▸ **WORK INSTRUCTIONS**: When the line containing "- ↑ Spector, Warren" appears in the data below, begin copying there and stop only after the line containing "Give your furry".

▸ **RECORDS SUPPLIED**:
----

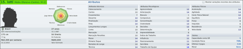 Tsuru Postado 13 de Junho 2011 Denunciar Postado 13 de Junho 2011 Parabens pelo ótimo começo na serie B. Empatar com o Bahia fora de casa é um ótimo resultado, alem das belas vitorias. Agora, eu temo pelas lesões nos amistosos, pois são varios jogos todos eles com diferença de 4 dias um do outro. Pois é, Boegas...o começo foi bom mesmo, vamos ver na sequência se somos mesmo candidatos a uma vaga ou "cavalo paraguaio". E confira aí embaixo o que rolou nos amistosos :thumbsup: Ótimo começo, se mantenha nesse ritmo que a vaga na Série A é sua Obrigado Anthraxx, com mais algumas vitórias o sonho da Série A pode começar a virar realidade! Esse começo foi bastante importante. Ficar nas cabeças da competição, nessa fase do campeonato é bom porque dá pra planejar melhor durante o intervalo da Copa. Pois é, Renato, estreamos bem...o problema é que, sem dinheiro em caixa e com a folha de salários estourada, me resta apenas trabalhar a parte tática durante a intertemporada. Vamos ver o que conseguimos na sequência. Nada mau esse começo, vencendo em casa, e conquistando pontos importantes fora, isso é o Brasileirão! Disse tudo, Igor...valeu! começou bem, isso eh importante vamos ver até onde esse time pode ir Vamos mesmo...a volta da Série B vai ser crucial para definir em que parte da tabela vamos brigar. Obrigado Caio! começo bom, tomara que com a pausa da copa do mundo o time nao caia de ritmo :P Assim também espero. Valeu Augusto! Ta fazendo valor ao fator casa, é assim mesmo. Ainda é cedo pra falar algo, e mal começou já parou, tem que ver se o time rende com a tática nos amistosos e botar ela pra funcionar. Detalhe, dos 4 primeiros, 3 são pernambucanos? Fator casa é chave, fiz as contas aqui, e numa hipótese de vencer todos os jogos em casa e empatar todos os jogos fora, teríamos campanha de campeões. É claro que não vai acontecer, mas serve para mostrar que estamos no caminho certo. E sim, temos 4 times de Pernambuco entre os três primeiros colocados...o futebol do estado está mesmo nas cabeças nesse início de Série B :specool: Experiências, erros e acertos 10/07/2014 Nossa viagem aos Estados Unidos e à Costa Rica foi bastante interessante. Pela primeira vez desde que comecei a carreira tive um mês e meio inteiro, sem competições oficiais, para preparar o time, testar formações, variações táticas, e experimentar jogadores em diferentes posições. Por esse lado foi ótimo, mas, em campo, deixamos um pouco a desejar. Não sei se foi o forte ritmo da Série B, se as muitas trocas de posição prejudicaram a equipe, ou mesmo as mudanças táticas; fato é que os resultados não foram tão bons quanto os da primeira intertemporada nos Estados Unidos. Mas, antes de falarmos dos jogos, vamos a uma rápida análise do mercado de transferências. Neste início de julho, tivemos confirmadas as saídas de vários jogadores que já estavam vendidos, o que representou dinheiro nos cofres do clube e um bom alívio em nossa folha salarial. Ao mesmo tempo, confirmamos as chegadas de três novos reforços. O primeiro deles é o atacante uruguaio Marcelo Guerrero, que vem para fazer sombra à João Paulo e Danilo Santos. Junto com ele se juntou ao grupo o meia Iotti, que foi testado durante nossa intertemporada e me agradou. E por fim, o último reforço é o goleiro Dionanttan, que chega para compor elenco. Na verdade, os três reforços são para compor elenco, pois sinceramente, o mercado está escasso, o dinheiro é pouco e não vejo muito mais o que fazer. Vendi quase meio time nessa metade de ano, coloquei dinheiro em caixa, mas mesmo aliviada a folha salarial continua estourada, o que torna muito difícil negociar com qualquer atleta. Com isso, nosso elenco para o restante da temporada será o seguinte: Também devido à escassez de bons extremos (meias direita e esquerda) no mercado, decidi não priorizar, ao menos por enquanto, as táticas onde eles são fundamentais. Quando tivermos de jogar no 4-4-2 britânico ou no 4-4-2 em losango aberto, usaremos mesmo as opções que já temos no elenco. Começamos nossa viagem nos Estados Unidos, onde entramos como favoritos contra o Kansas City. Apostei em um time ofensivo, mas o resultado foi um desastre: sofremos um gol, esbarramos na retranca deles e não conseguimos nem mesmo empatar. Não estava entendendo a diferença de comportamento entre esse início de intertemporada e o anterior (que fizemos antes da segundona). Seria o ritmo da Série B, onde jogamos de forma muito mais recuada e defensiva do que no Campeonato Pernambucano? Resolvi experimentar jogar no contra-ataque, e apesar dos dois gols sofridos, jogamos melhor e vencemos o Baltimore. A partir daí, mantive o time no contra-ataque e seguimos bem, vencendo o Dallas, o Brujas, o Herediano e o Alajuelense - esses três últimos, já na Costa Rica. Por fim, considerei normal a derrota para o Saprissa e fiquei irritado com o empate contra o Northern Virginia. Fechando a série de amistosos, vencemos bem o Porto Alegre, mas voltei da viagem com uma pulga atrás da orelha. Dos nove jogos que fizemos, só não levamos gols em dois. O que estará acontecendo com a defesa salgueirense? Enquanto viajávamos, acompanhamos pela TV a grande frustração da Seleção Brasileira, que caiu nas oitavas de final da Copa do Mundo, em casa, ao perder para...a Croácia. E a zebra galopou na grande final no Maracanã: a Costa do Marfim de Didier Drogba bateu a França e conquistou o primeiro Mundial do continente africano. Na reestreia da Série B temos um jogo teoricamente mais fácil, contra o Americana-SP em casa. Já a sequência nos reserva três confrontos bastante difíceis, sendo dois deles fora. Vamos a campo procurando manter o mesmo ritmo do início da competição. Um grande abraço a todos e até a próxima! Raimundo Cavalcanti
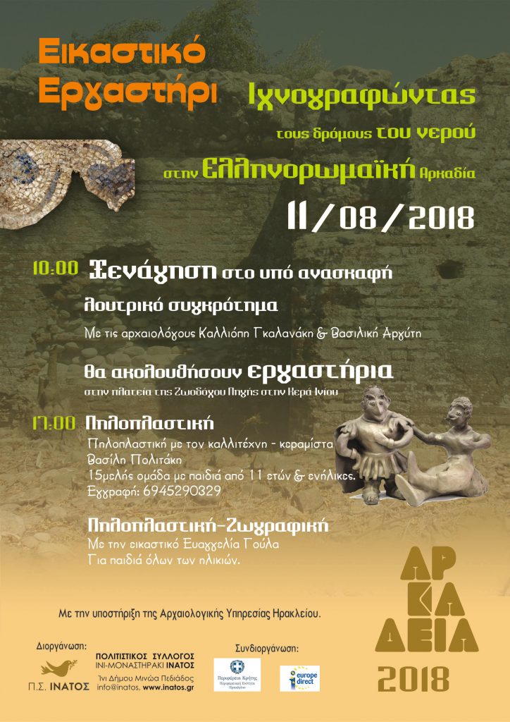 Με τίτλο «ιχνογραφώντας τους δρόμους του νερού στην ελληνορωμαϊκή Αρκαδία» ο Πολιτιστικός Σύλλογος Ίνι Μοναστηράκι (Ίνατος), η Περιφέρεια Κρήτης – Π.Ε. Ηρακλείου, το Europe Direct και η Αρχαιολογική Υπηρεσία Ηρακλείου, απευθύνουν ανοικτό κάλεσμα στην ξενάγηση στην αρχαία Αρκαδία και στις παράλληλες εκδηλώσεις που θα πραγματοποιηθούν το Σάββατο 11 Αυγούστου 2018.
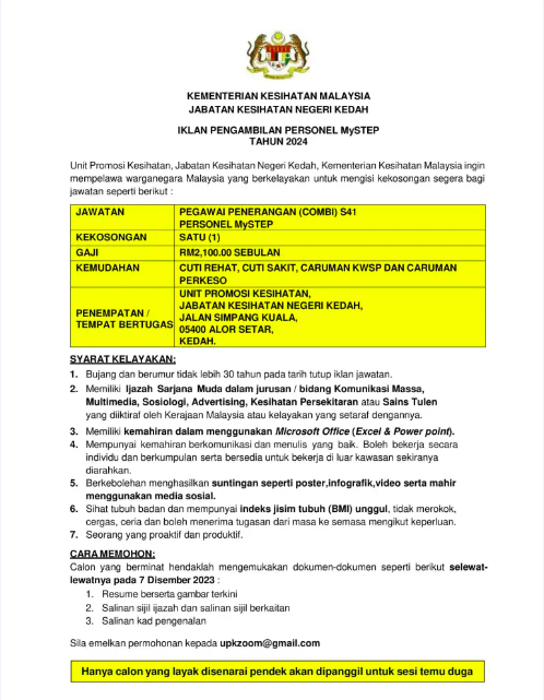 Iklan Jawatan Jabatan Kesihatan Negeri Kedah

----

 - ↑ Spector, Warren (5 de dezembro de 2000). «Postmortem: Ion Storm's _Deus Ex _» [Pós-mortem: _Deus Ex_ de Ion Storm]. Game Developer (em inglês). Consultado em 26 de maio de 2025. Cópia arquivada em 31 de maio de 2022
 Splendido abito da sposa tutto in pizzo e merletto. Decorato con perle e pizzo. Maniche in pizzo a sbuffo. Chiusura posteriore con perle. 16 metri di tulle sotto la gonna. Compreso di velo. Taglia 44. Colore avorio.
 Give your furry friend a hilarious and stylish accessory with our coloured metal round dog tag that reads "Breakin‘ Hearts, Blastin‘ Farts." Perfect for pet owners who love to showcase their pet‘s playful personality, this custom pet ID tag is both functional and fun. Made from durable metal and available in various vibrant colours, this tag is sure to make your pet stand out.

----

▸ **RESULT FOR THIS EXERCISE**:
 - ↑ Spector, Warren (5 de dezembro de 2000). «Postmortem: Ion Storm's _Deus Ex _» [Pós-mortem: _Deus Ex_ de Ion Storm]. Game Developer (em inglês). Consultado em 26 de maio de 2025. Cópia arquivada em 31 de maio de 2022
 Splendido abito da sposa tutto in pizzo e merletto. Decorato con perle e pizzo. Maniche in pizzo a sbuffo. Chiusura posteriore con perle. 16 metri di tulle sotto la gonna. Compreso di velo. Taglia 44. Colore avorio.
 Give your furry friend a hilarious and stylish accessory with our coloured metal round dog tag that reads "Breakin‘ Hearts, Blastin‘ Farts." Perfect for pet owners who love to showcase their pet‘s playful personality, this custom pet ID tag is both functional and fun. Made from durable metal and available in various vibrant colours, this tag is sure to make your pet stand out.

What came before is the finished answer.